The International Human Rights System: UDHR, Universalism, and Cultural Relativism
The **UDHR** was adopted December 10, 1948 (48 in favor, 0 against, 8 abstentions including Soviet bloc and South Africa). Its drafting incorporated diverse cultural perspectives (including Chinese Confucian scholar P.C. Chang’s participation), but its core rights framework clearly reflects the Western natural rights tradition (Locke, French Revolution).
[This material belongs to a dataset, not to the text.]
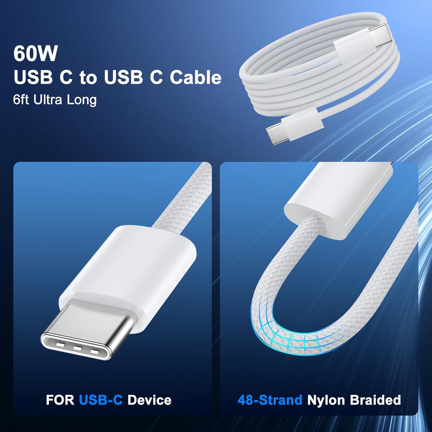 - Cable Works for iPhone 16: Package comes with 1 X 6ft USB C to C cable, which is compatible with iPhone 16 and iPhone 15 series. Compared with normal PVC/TPE material USB C cables, ours is covered by 48 strand nylon, make it stronger and tangle-free. Even though youâre sitting at the back seat you could still enjoy fast charging.

## UDHR’s Legal Nature and Subsequent Treaty System
The UDHR itself is not a treaty (it’s “soft law”), but laid the groundwork for subsequent binding human rights treaties: **ICCPR (1966)** protecting speech, religion, assembly freedoms and due process rights; **ICESCR (1966)** protecting rights to work, education, health, and adequate living standards. The two covenants and UDHR collectively form the “International Bill of Human Rights.” The [OHCHR](https://www.ohchr.org/) is the most authoritative international human rights institution.
## Universalism vs. Cultural Relativism
**Cultural Relativism** arguments: human rights (especially individual rights) reflect Western individualist traditions; many non-Western cultures emphasize collective rights and community obligations (Confucian duty ethics vs. rights ethics); imposing Western human rights standards is a form of cultural imperialism. **Universalist counterarguments**: cultural relativism arguments are often deployed by authoritarian governments to justify internal repression (“Asian Values” discourse used by Singapore and Malaysian leaders in the 1990s against Western human rights criticism); affected groups (especially women and minorities) typically don’t accept “cultural tradition” as justification for rights deprivation; scholars like Jack Donnelly argue basic human rights (e.g., freedom from torture and arbitrary detention) have corresponding moral foundations in all major cultural and religious traditions.